■ Data in this exercise ■
--

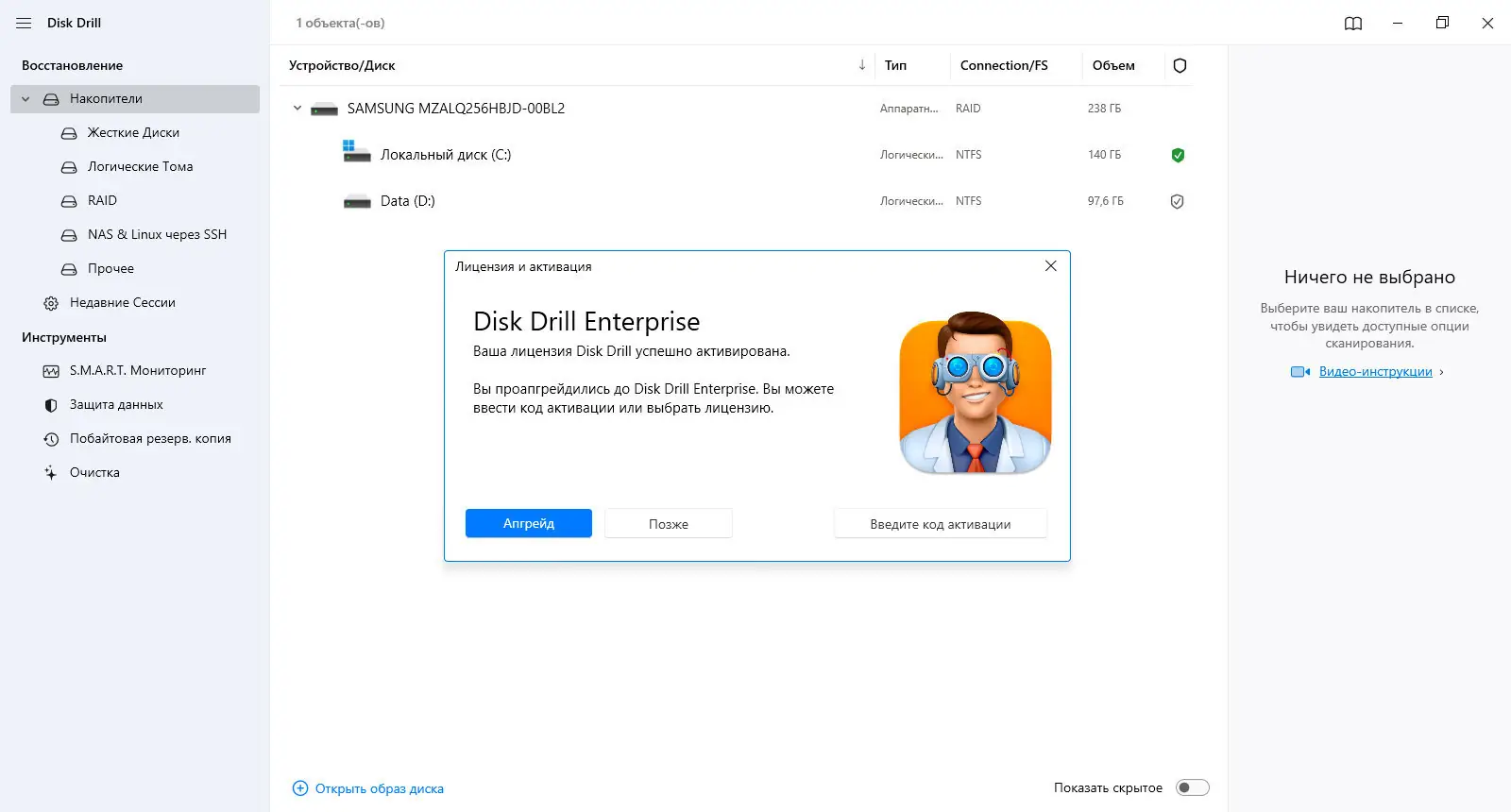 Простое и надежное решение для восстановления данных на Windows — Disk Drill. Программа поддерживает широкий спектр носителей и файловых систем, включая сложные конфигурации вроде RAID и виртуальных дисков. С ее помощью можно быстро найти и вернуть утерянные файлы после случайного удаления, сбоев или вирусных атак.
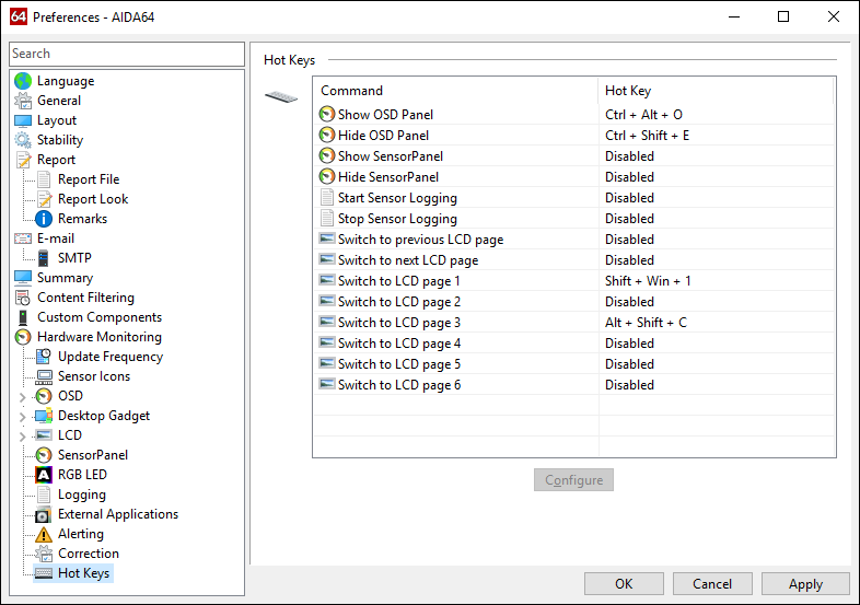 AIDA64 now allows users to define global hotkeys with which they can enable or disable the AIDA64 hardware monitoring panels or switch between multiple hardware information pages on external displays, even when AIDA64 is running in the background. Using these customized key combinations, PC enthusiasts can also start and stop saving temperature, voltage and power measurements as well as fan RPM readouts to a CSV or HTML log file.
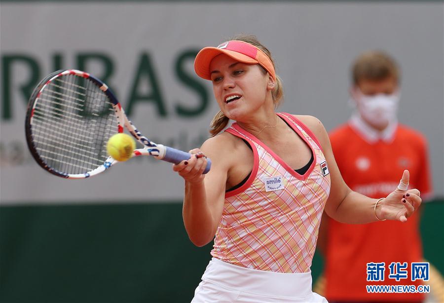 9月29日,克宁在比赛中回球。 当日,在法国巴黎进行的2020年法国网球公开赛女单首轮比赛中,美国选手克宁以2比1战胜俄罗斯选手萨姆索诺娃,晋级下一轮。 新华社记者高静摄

--

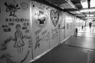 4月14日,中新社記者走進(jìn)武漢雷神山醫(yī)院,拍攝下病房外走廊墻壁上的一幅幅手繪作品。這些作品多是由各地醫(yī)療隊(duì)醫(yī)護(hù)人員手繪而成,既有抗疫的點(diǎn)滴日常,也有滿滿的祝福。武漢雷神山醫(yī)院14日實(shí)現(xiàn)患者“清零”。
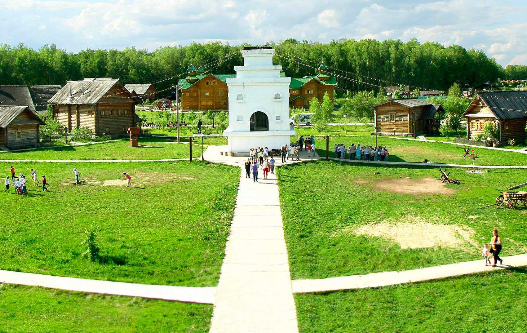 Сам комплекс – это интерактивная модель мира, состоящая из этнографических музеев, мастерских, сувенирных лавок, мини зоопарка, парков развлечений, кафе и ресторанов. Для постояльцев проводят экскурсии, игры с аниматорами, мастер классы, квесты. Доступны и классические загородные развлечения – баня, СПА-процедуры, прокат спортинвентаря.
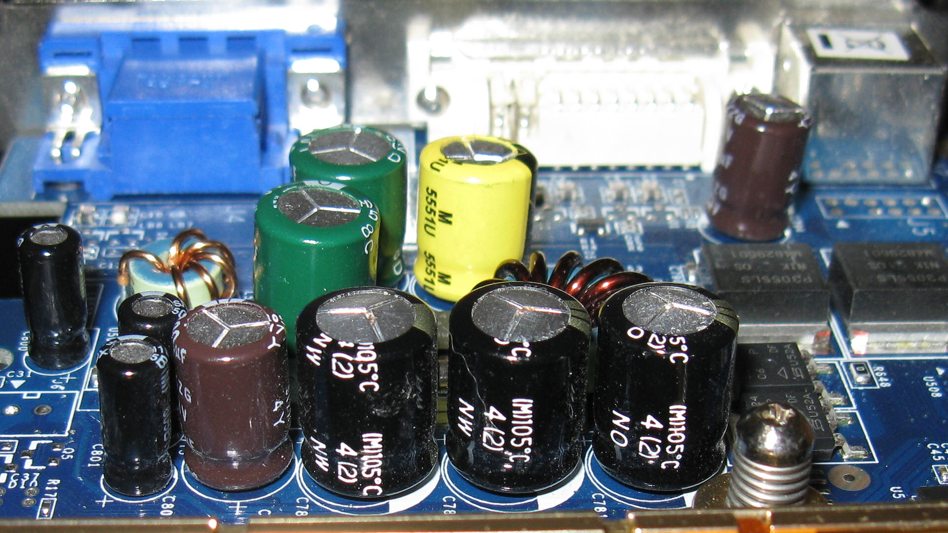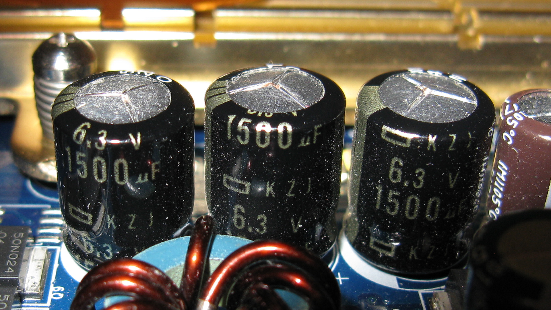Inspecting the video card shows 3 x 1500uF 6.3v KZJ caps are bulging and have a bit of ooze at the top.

--

■ What you are asked to do ■
Return exactly the lines that appear in the data above between the line containing "Сам комплекс –" and the line containing "Inspecting the video", both of which are included, and leave the pictures out.

■ Solution for this task ■
 Сам комплекс – это интерактивная модель мира, состоящая из этнографических музеев, мастерских, сувенирных лавок, мини зоопарка, парков развлечений, кафе и ресторанов. Для постояльцев проводят экскурсии, игры с аниматорами, мастер классы, квесты. Доступны и классические загородные развлечения – баня, СПА-процедуры, прокат спортинвентаря.
Inspecting the video card shows 3 x 1500uF 6.3v KZJ caps are bulging and have a bit of ooze at the top.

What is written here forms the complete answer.